That was the question put before a San Francisco judge who ruled this week that there are no take-backs.
Judge Anne-Christine Massullo was asked to consider the case of Dr Mimi Lee and Stephen Findley, who created, froze and stored embryos after Lee was diagnosed with breast cancer but before she began treatment. In the course of their efforts to preserve their ability to have a child together, they both signed off on the consent form presented to them by their fertility clinic, in which they stated that they had mutually agreed to have any remaining embryos destroyed should the two no longer be married.
The couple separated in 2013 and divorced in 2015, and they went to court over Lee’s desire to keep the embryos herself and use them to attempt a pregnancy.
In an 83-page decision, Massulo wrote: “It is a disturbing consequence of modern biological technology that the fate of nascent human life, which the embryos in this case represent, must be determined in a court by reference to cold legal principles.” But it is perhaps even more disturbing to argue the opposite – that the embryos Lee and Findley created are, as Massullo implies, life just casually discarded because of the flippancy of the law.

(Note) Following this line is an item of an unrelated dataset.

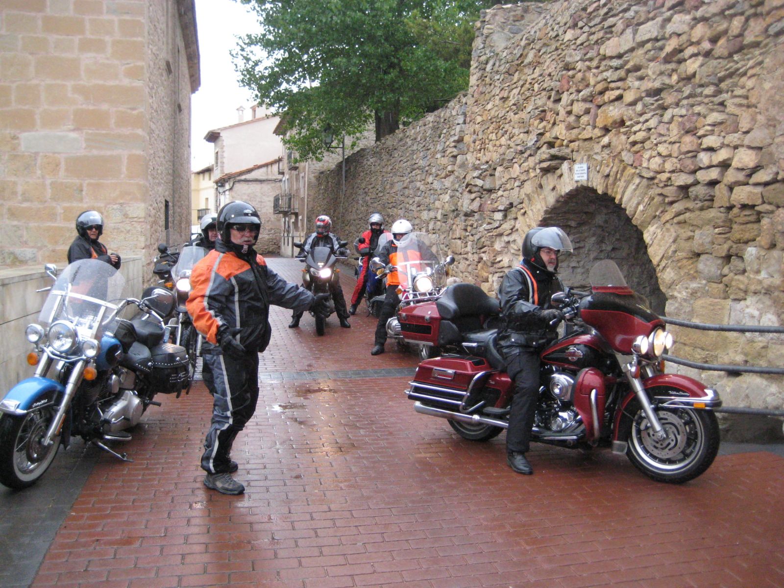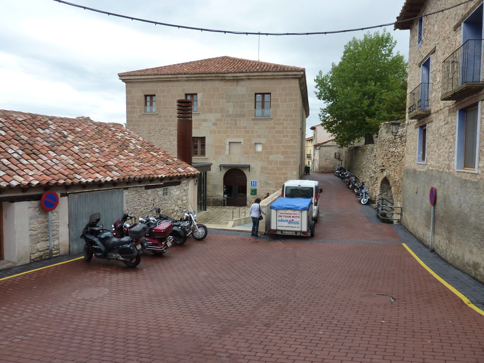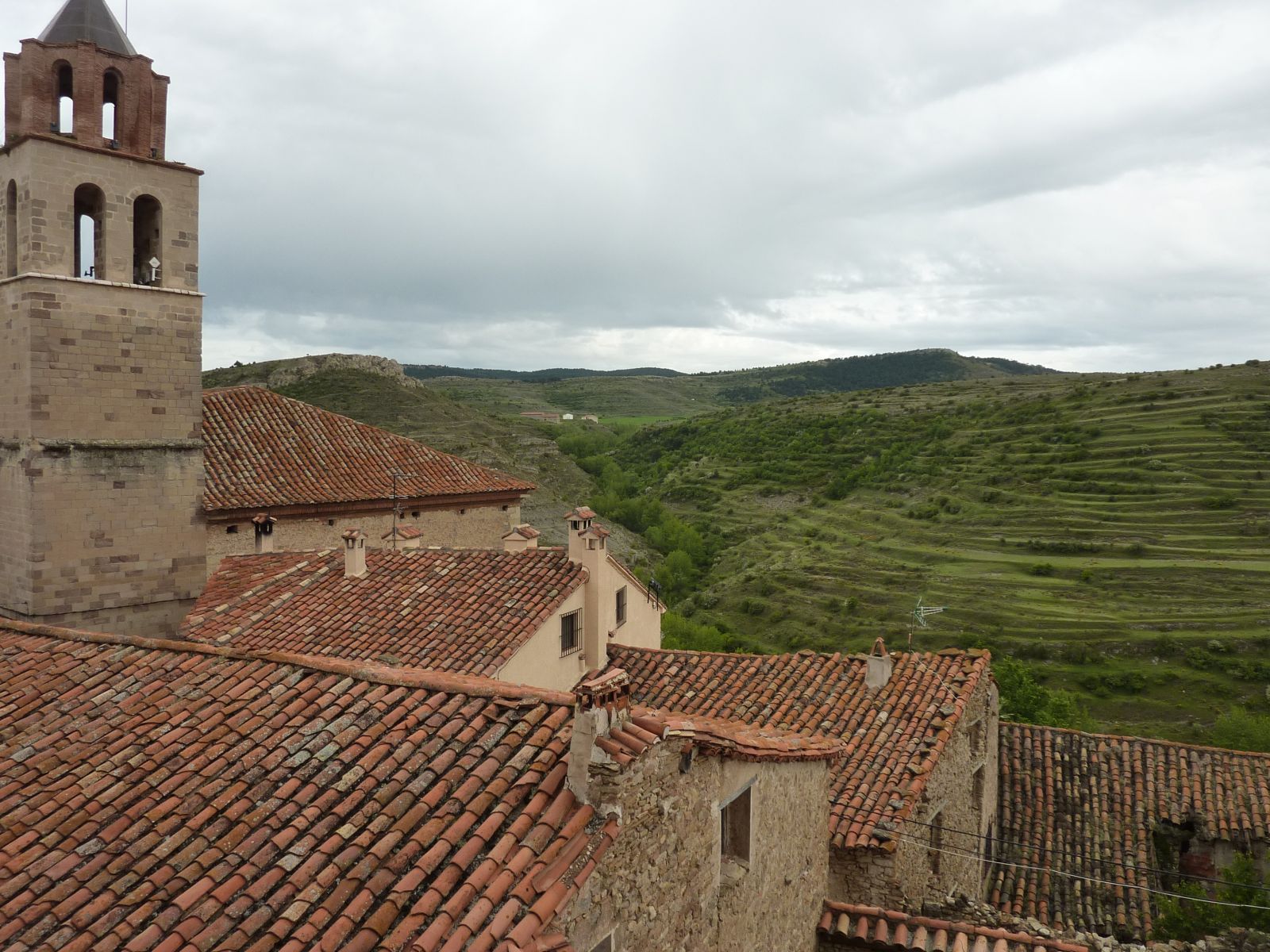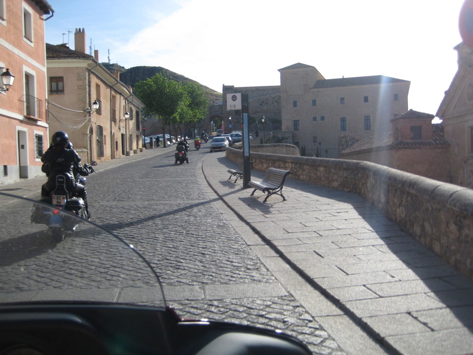 Auf der Fahrt zur 'verzauberten Stadt' wurde der Himmel bedenklich dunkler und bei der Kreuzung wo wir die Route Richtung Una und Teruel hätten verlassen müssen, entschloss ich mich die Stadt rechts liegen zu lassen und in Erwartung des Regens noch viele trockene Kilometer zurückzulegen. Doch der regen war schneller, bereits wenige Kilometer später in Una durften wir die Regenkleidung anziehen und mussten sie an behalten bis ins Hotel 'Palacio de Allepuz'. Da wir alles abseits der vielbefahrenen Routen gefahren sind, wurde es für Edith's Virago langsam knapp mit Benzin. Doch trotz der paar Zusatzkilometer nach Tragacete, um vor einer geschlossenen Tankstelle zu stehen, reichte es die Fahrt über den Puerto de El Cubillo und die Montes Universales bis nach Albarracin fortzusetzen. Hier konnten wir alle Auftanke und einer Nonstop Regenfahrt stand nun nichts mehr im Wege.

This seeming form of reproductive policing – making women and men sign away their rights to their own genetic material – is actually a safeguard to ensure that women continue to be guaranteed basic reproductive rights and, indeed, rights to their own bodies and genetic material). Paradoxically, letting someone lay claim to embryos that they have legally consented to discard in the event of divorce is just one small step from stopping someone from being able to freely choose what exactly happens with and to their own bodies and healthcare decisions.
Earlier this year, actress Sofia Vergara faced a similar legal battle, when a judge ruled that the Modern Family star’s ex-fiance, Nick Loeb, had a right to sue Vergara for “custody” over their unused, frozen embryos that were created when the two were still a couple.
At the time of the Vergara ruling, Cecile Richards, the president of Planned Parenthood Federation of America and the Planned Parenthood Action Fund, said in a statement: “Every woman should be able to decide whether and how to have children, without coercion, shame, or judgment.” She added that litigation like that faced by Vergara constituted a form of “bullying” that attempted “to force someone to have children against her will ... These are deeply personal decisions for women, and they should be respected.”
And indeed, it seems to follow that Findley’s decision to not have a child with Lee should garner the same respect as Vergara’s decision to not have a child with Loeb. The alternative could be significant limitations on both women’s reproductive rights and on the ability of women and men to access reproductive assistance.
Too often, the questions surrounding the outcomes for unused frozen embryos feed directly into the debate about fetal “personhood” – the belief that legal rights should be extended to fertilized eggs and embryos. In recent years, many rightwing lawmakers have introduced legislation that would grant rights to embryos, which, though designed to criminalize abortion, would also make IVF treatment illegal as a result, since the process often creates embryos that would never be transferred or given the opportunity to continue their “life” at it were.
So, while Lee pleaded with the judge to let her have what she called “her babies”, had the judge ruled in her favor, those who oppose the procedure entirely would have had legal ammunition to challenge it, and women’s reproductive rights more broadly, in court.
Though Lee claimed in court not to have understood the legal papers she signed before undergoing IVF which forced the judge to rule in her ex-husband’s favor, as someone who’s undergone IVF, I find that a bit hard to believe. The Society for Assisted Reproductive Technology crafted a “declaration of intent” years ago that is made available to all of its member practices nationwide; few reputable practices would ever allow patients to undergo IVF without a similarly informed consent process.
Patients sign, in the presence of a notary, documents which explain what they would like to happen to any unused embryos under numerous circumstances, ranging from death to divorce to non-payment of frozen embryo storage fees.
The declaration of intent makes clear that the options for patients regarding unused embryos are “discarding the cryopreserved embryo(s)”, “donating the cryopreserved embryo(s) for approved research studies”, “donating the cryopreserved embryos to another couple in order to attempt pregnancy”, or “use by one partner with the contemporaneous permission of the other for that use”.
Furthermore, the declaration of intent is explicit in its statement that embryos “cannot be used to produce pregnancy against the wishes of the partner” – the circumstances in which Lee and Findley found themselves.
If you want children, being able to have them is a tremendous gift. If you want children and, for any reason, are unable to do so, the effect can be devastating, heart-breaking, agonizing, maddening. And so while, as someone who has struggled with infertility in my own right, I empathize with Lee’s desire to build a family on her own terms, I am relieved the judge on her case ruled how she did. To have allowed Lee to rescind her consent for the disposal of her embryos could have meant an all-out elimination of the reproductive rights and options of others.